I need to go back up to the ward, now. I’m really excited to see what you come up with.

Thank you. I am too. I have to say, this book rather has a life of its own. But it has my commitment.
Many thanks, Rod.

For context, I have worked in palliative care since 1988 – firstly in Bath in England and then in 1994 we came to New Zealand where I worked at the Mary Potter Hospice. I was appointed Professor in Palliative Care (NZ’s first) in 2003. I later came to Auckland for a further ten years before being invited to work in Sydney with HammondCare and as Conjoint Professor at the Sydney Medical School, University of Sydney.

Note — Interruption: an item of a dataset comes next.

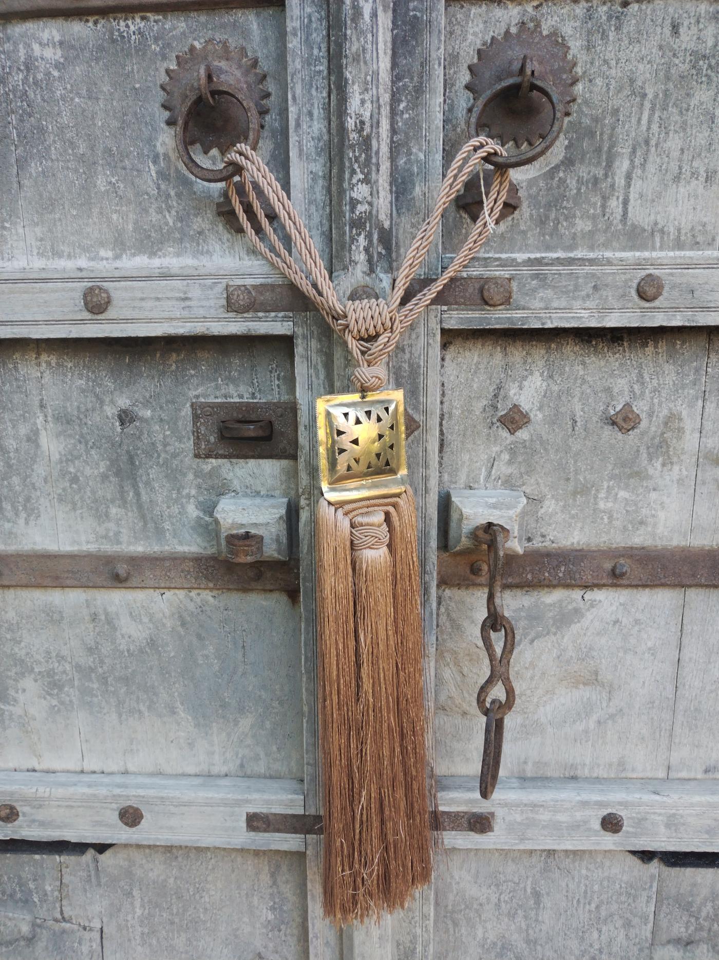 Nappa piccola decorativa per le tende color beige realizzata artigianalmente in Marocco con placca quadrata centrale decorata in argentone dorato con motivi geometrici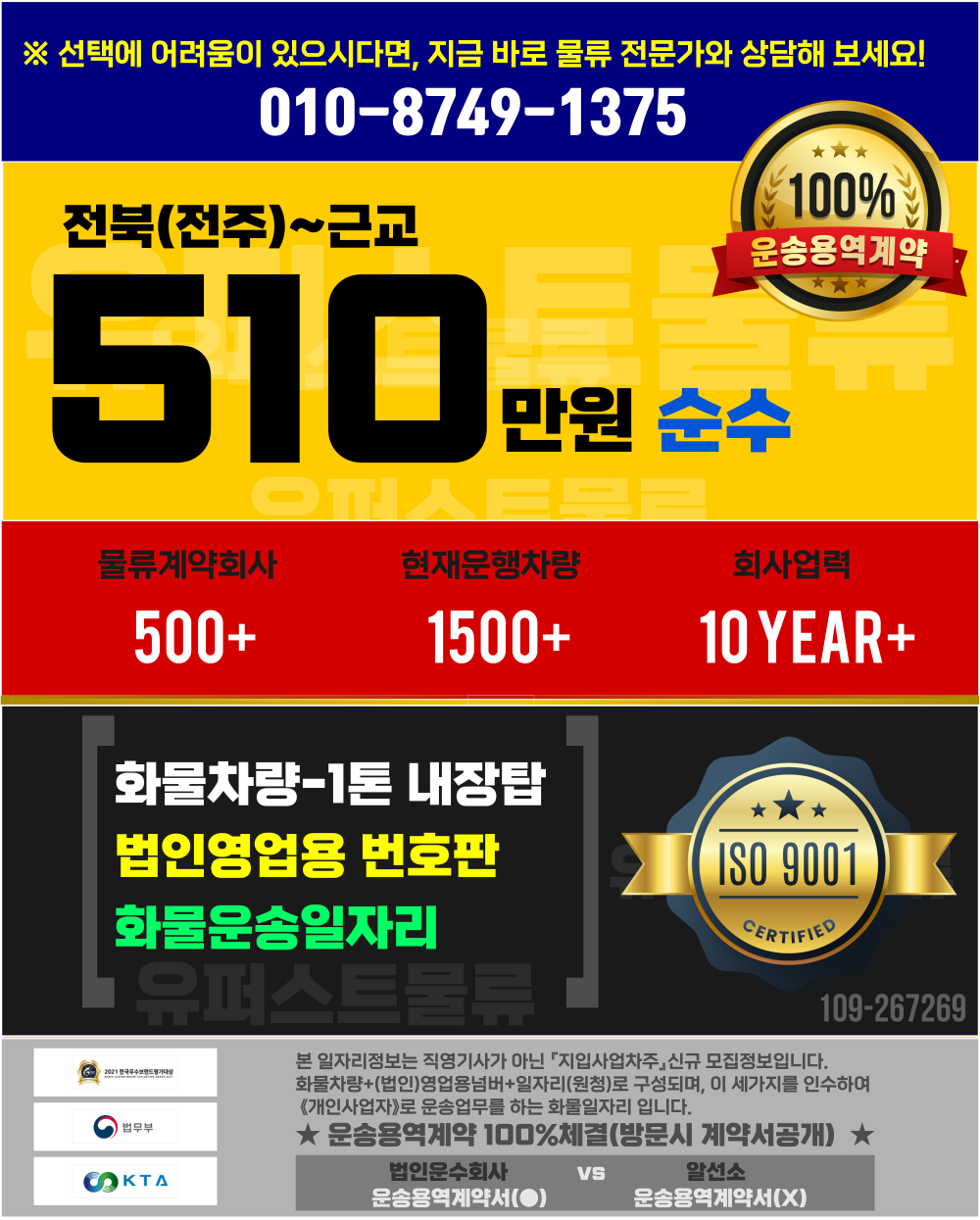 * 최소물량 80건이상 배차하여줌(계약서 명시/ 계약서 확인가능)

I came home after five years; it was a very invigorating time with much innovation, I loved it but I loved being home more! I then worked at Hibiscus Hospice (now Harbour Hospice) for a few years, finally giving up my clinical work about two years ago. I still work for HammondCare as an associate with Dementia Support Australia, helping their consultants understand about palliative care for people with dementia. I also chair the Clinical Committee of The Violet Initiative which is a social enterprise that exists to reduce regretful outcomes in the last stage of life for Australians, their caregivers and their families. Violet provides free services, programs and resources to anyone in the community who is caring for someone in the last stage of their life (in either an informal or formal role) to help them be better prepared and supported during that time.  I am the Clinical (Medical) Advisor to the Board of Hospice New Zealand, a role that I love and hope to continue.